Sephiroth: Hello, I'm Sephiroth, and I'm here to represent Hair Twins Inc. starts walking around, in background are people with similar hair to each other I thought I was alone in the universe, the only man with cool silver hair. Then I came to Hair Twins Inc. I met this guy! grabs Prozen from Zoids

Prozen: Hi kids, I'm gonna take over the world like my good pal, Sephy. To meet your ideal hair twin call 1-555-4-dead-#s.

.:End Commercial:.

Me: Um. . . Yeah. . .

Tim: You said it Yashamon, The next match is definitely gonna be exciting, romantic, brave, and cool, minus the romantic: Sephiroth versus Clod.

Me: His name is Cloud.

Tim: That doesn't change the fact that he's as good at fighting as a clod of dirt.

Me: Oh, and I suppose you could do much better?

Tim: Yes! ^_^

Me:. . .Okay. . . On with the show.

In the Ring. . .

Cloud: skips into the ring in his dress and wig giggles

Sephiroth: whistles slaps Cloud's butt Hey sexy, you one of my cheer leaders?

Cloud: Grrrrrr! throws off wig It's me, Cloud!

Sephiroth: looks at hand I'm gonna have to get that thing sterilized! looks back at Cloud So why are you in a dress?

Cloud: Aeris stole my other out fit. . .

Sephiroth: Why don't you fight in your undies?

Cloud: Ewwww! No!

Sephiroth: I will if you will.

Cloud: Hell no yaoi-freak!

Ref.: This is getting weird, just fight.

Cloud: Okay, unsheathes Ultima Weapon you're goin' down Sephagget! charges Sephiroth

Sephiroth: Arise, Death Saurer! Death Saurer pops out of the ground Thank you hair-twin Prozen.

Prozen: smiles and waves

Cloud: manages to clip Death Saurer's toe claw Take that crappy anime!

Me: from announcer's box Cloud, your gonna pay!

Death Saurer: ROAR!!!!! fires charged particle gun at Cloud

Aeris: uses mastered Cover Materia gets blown to bits uses Final Attack/Mime Materia combo

All: Yay!

Death Saurer gets blown to bits.

All: BOO!!!

Cloud: Perfect! charges Sephiroth again

Sephiroth: Ha! You're no match for my evil mind powers! radiates psychic energy

Tim: from announcer's box Yay!

Me: from announcer's box Sephiroth, hold him still for me! jumps through glass and lands in ring

Sephiroth: Okay.

Cloud: is stuck in place because of Sephiroth's evil mind powers Help! I know what you're up to. Help, Rape!
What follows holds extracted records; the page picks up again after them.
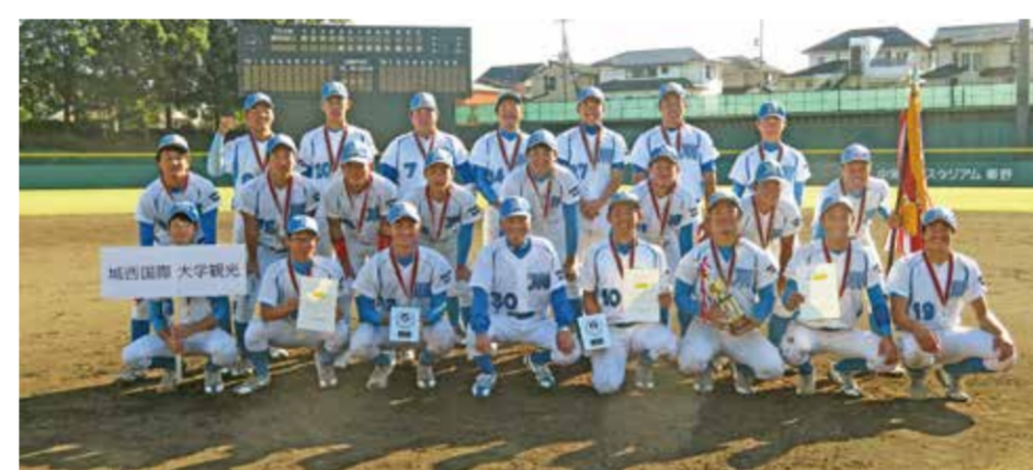
優勝旗とともに笑顔の選手たち 東日本大学軟式野球部
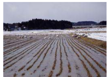
非かんがい期の湛水

また、非かんがい期に田面に小水路状の湛水範囲を確保して、魚類、両生類等の生息場、待避場を確保することも大切です。
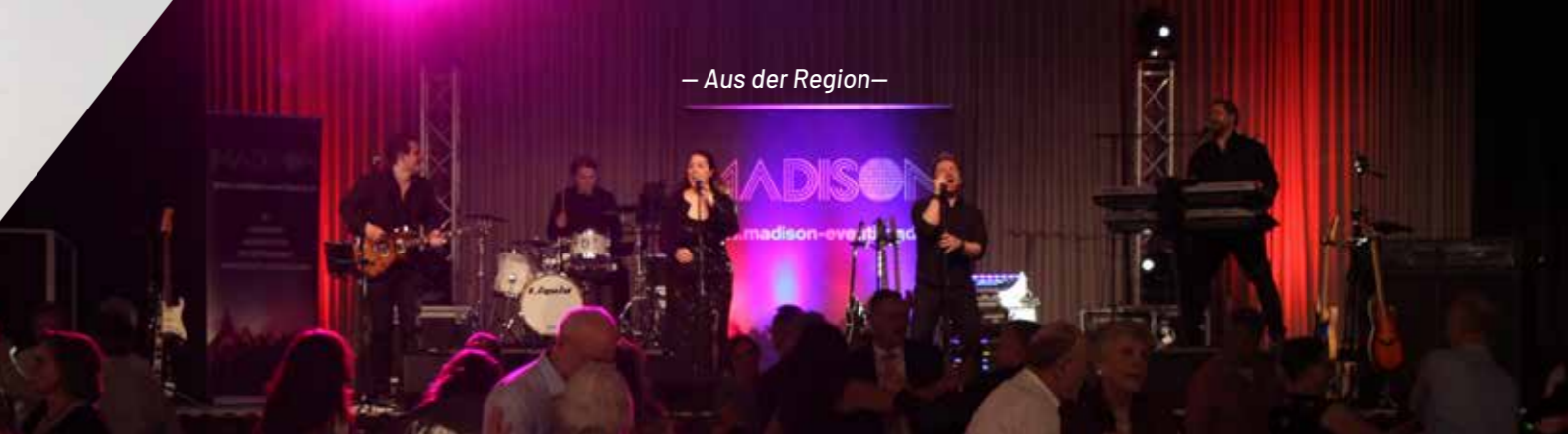
– Aus der Region –
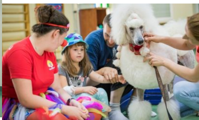
Dogoterapia w szpitalu w Opolu
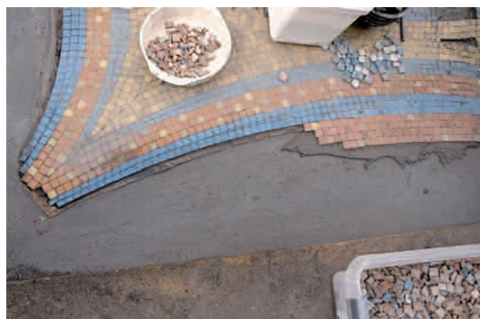
Restauration des mosaïques de la Villa Empain à Bruxelles. Les mosaïques sont situées sous une pergola autour d'une piscine. 45 m 2 de mosaïques ont été refaits en atelier puis installés sur le chantier. Environ 80 m 2 ont été restaurés sur place.
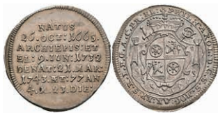
5334 1/8 Taler, 1743, Philipp Karl von Eltz-Kempenich, auf seinen Tod, Slg. Walther 506, vz. 150,—
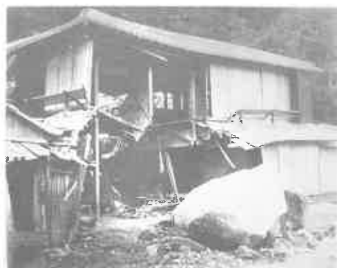
写真10 崩落した石で壊れた磯地区の民家
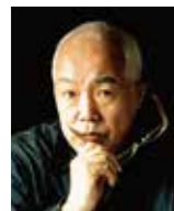
全日本書道芸術院 理事長
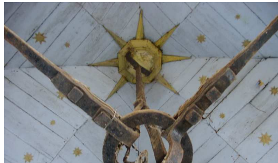
Die Kuppel mit fast 300 goldenen Sternen
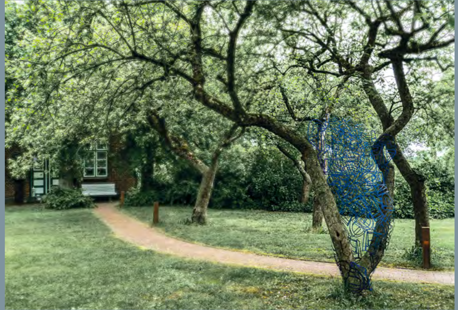
Gertraud Hasselbach SAGSCATB
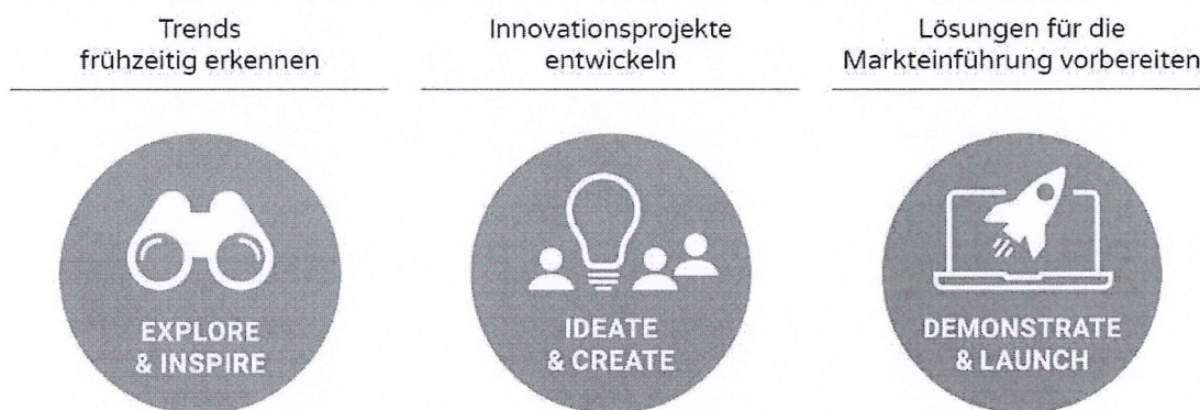
Abb.: „Green Energy Lab“ – die Phasen im Open Innovation Prozess

Darüber hinaus hat sich das GEL mittels kundenorientierter Leistungspakete als relevanter Player in der F&E-Community und an der Schnittstelle hin zu öffentlichen Organisationen etabliert. Im Jahr 2024 verliefen auch die umfangreichen Vorbereitungen auf das Thema „Wärmewende“ inkl. Start des Bewerbungsprozesses als „Innovationslabor für die Wärmewende“.

Me: Wrongo! grabs masamune slashes Cloud Take that- slashes Cloud You evil- slashes Cloud Anime-hater! slashes Cloud

Ref .: That there was some weird shit! Sephiroth wins!

Tim: Cloud should have won.

Me: Shut up!

Tim: No, really I'm serious.

Me: through gritted teeth Grr! Join us next time for round 4, "Battle of the Bahamuts"

Tim: Go FF10 Bahamut!

Me: That's it, back to the dimension you came from! imagines Tim away

In Half-Life: Team Fortress. . .

Tim: Aw, Crap! runs for life from pyro

A/N: Weird, deranged, psycho and any other synonyms for abnormal describe this story.